Task instructions: The answer must be an exact copy of the lines from the one containing "Yes , the neck" through the end of the records, with the pictures left out.

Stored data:
☆ ☆ ☆

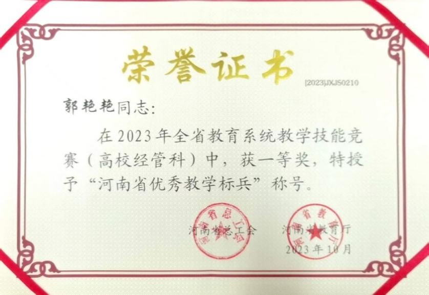 10. 公司1名教师获得河南省教育系统教学技能竞赛一等奖,并被授予“河南省优秀教学标兵”荣誉称号,进一步凸显公司教师专业化水平和教学创新能力。
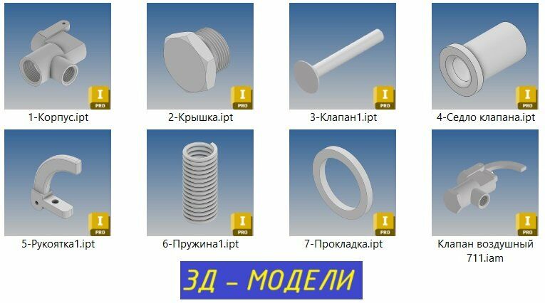 Для студентов РУТ (МИИТ) по предмету Инженерная графикаКлапан воздушный - Детали 3Д, Сборка (Inventor) + Сборочные чертежи с спецификацией (КОМПАС 3Д) + Деталировки (КОМПАС 3Д)Клапан воздушный - Детали 3Д, Сборка (Inventor) + Сборочные чертежи с спецификацией (КОМПАС 3Д) + Деталировки (КОМПАС 3Д)
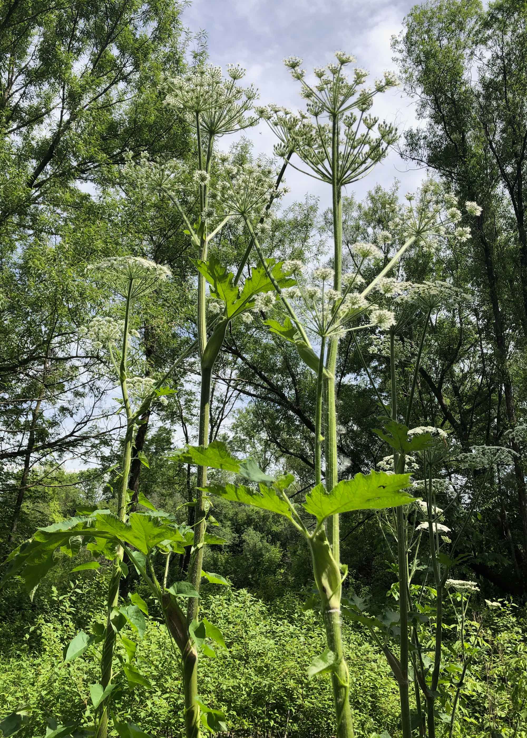Above: Tall 8' white flower (Cow Parsnip/Heracleum maximum) on hill next to Council Ring (78°). 3:20 PM.
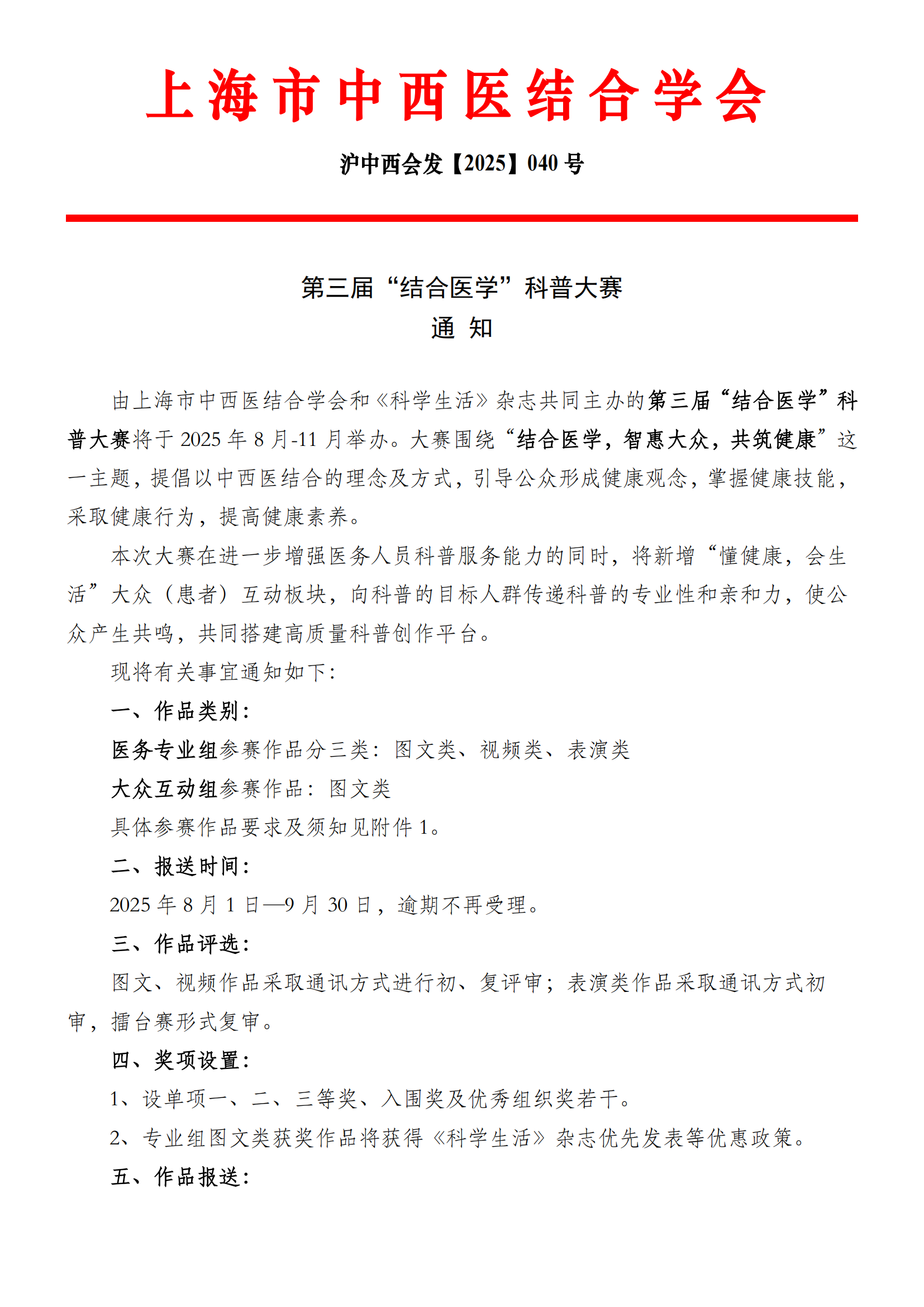 第三届“结合医学”科普大赛通知
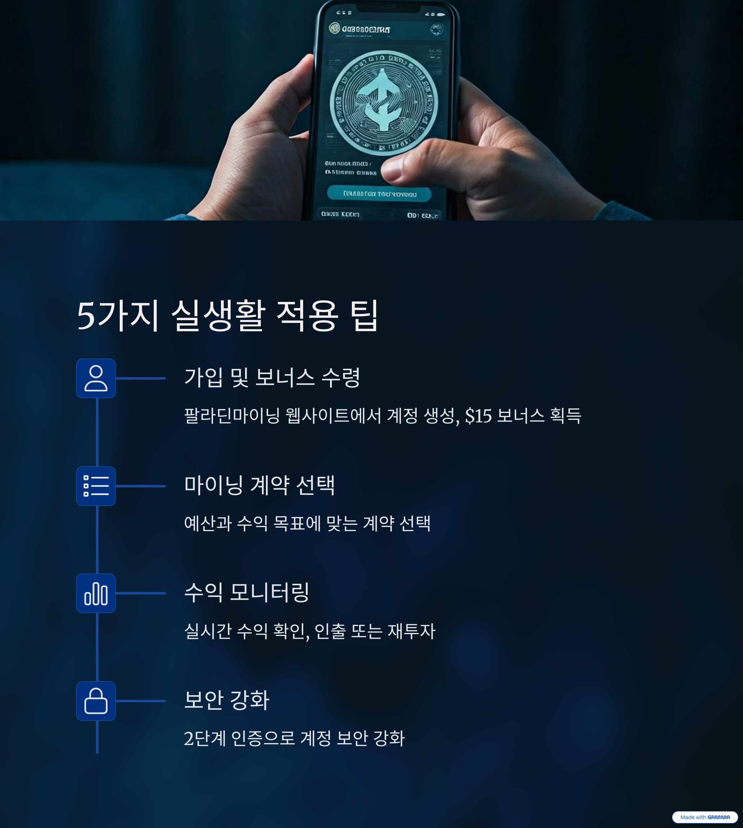 - 가입 및 보너스 수령: 팔라딘마이닝 웹사이트에서 계정을 생성하고 $15 보너스를 받으세요.
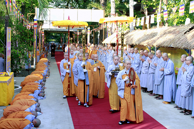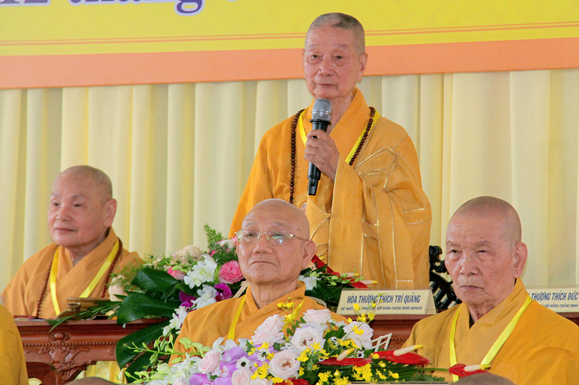 Ban đạo từ, Hòa thượng thượng Trí hạ Quảng – Đệ nhất Phó Pháp chủ kiêm Giám Luật HĐCM thượng Trí hạ Quảng đã nhắc nhở các giới tử ý thức được giá trị cao quý của người đệ tử Phật. Ngài cho rằng, làmđược thân người là điều rất khó, đã đạt được thân người, lại gặp Phật pháp thì dùng phước báo này để cần cầu chánh pháp, làm lợi lạc cho đạo pháp, cho muôn dân, xứng danh với Thích tử.
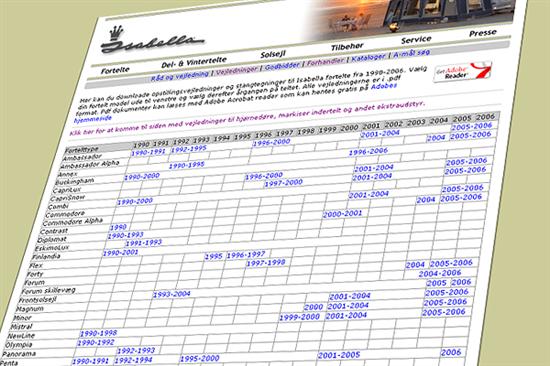 Op de Isabella-pagina’s kun je handleidingen en stangenoverzichten vinden van een groot aantal Isabella-tenten, bijvoorbeeld de "Diplomat" die werd geproduceerd van 1990-1993, of een van de nieuwere tenten zoals de "Zenith Lux" die in 2006 op de markt is gekomen.
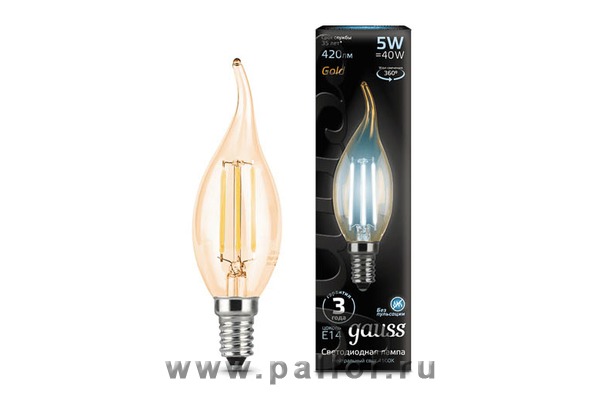| Лампа Gauss LED Filament Свеча на ветру E14 5W 420lm 4100K Golden 1/10/50 | 104801805 | 5 | (E14) | По запросу |
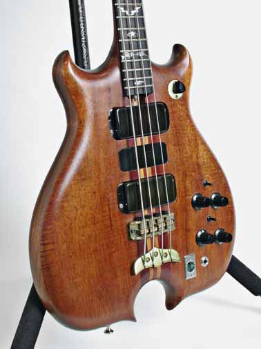 Yes , the neck is purple heart with maple, although the purpleheart has lost some of its purple and faded to brownish. Top  and back are koa and the body is walnut. She is 1976 vintage, #489, short scale with a narrow neck and string spacing. She recently had a fret job and a finger board planing, with the result being that some of the inlays lost their sharp edges. I suppose at some point she'll need to be sent to the mother ship to effect some inlay repair. I was also thinking about the electronics upgrade, to bring her into the 21st century.  Anybody out there have the upgrade done, and did it make a difference? This  is a great club to be in, and thanks everyone for the warm welcome!!!   All the best.
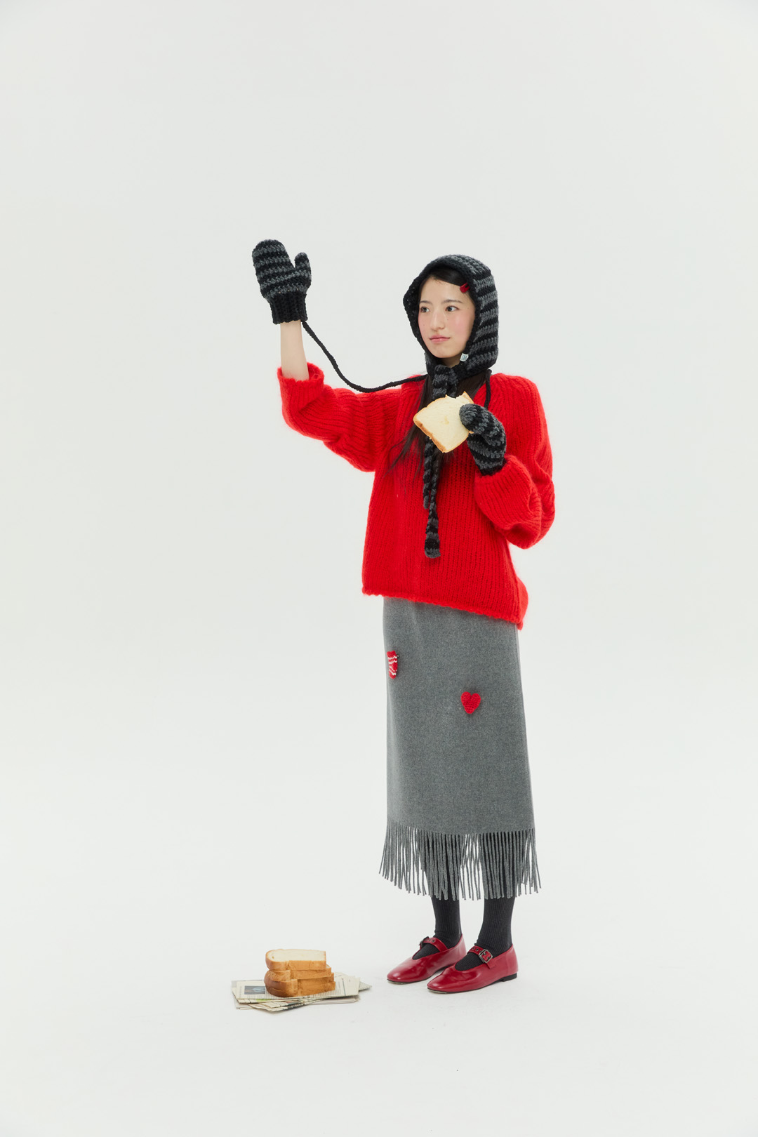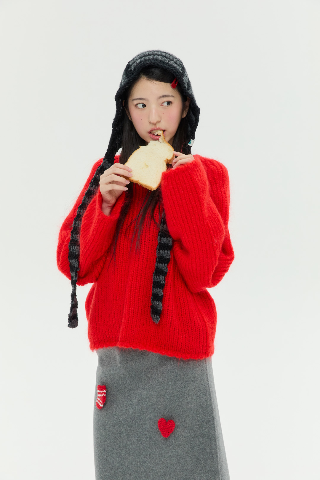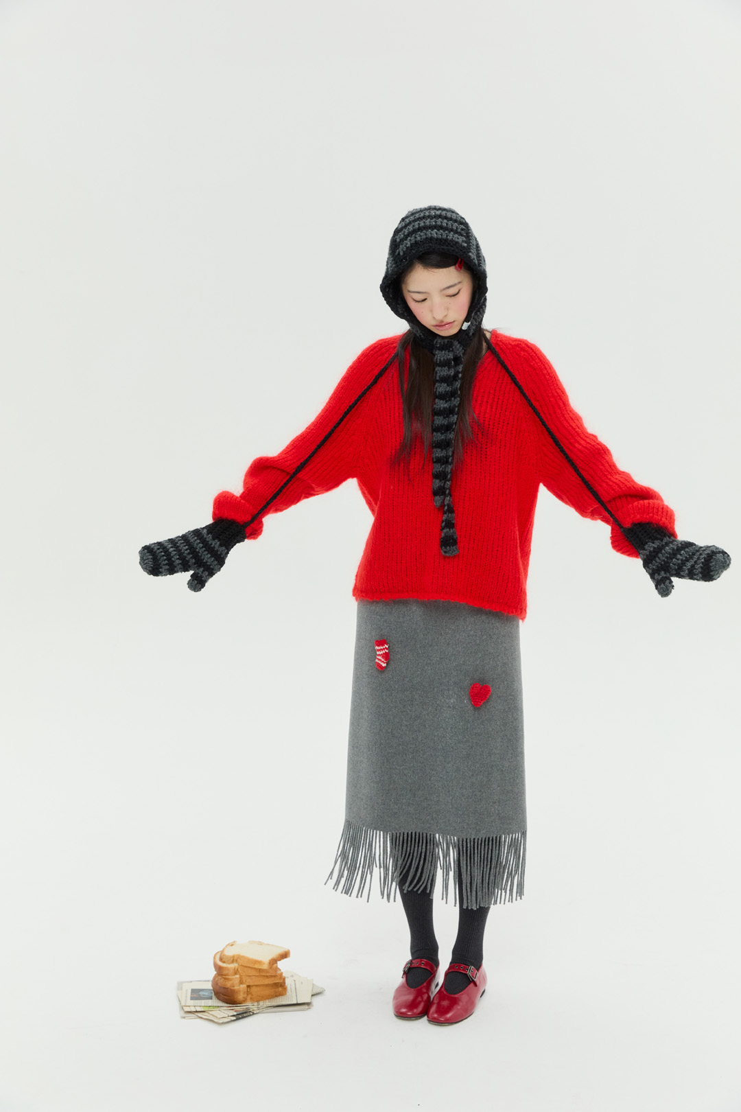도톰하고 따뜻한 촉감의 실과 컬러 배색이 특징인 청키 스트라이프 바라클라바 입니다.
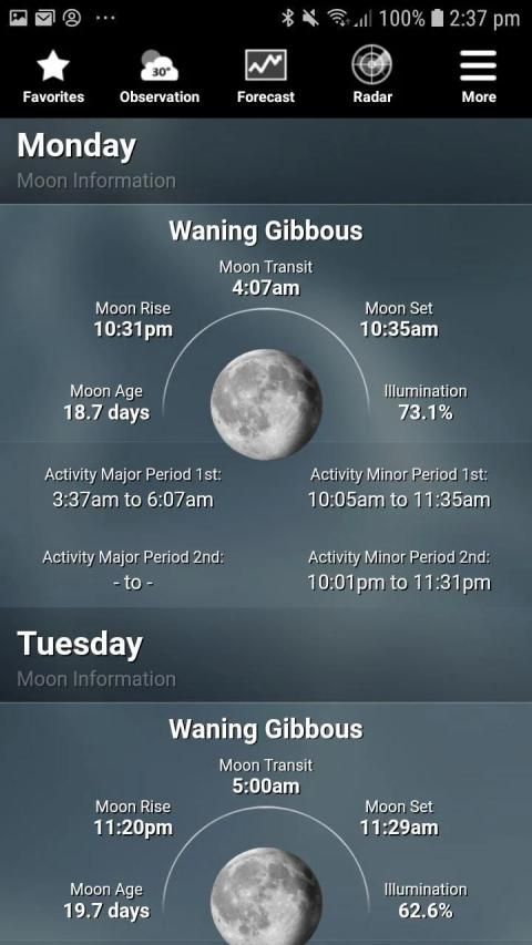 - Exclusive celestial information from sunrise, sunset, moonrise, moonset to major and minor periods information used by fishermen and hunters.

☆ ☆ ☆

Solution below:
 Yes , the neck is purple heart with maple, although the purpleheart has lost some of its purple and faded to brownish. Top  and back are koa and the body is walnut. She is 1976 vintage, #489, short scale with a narrow neck and string spacing. She recently had a fret job and a finger board planing, with the result being that some of the inlays lost their sharp edges. I suppose at some point she'll need to be sent to the mother ship to effect some inlay repair. I was also thinking about the electronics upgrade, to bring her into the 21st century.  Anybody out there have the upgrade done, and did it make a difference? This  is a great club to be in, and thanks everyone for the warm welcome!!!   All the best.
도톰하고 따뜻한 촉감의 실과 컬러 배색이 특징인 청키 스트라이프 바라클라바 입니다.
 - Exclusive celestial information from sunrise, sunset, moonrise, moonset to major and minor periods information used by fishermen and hunters.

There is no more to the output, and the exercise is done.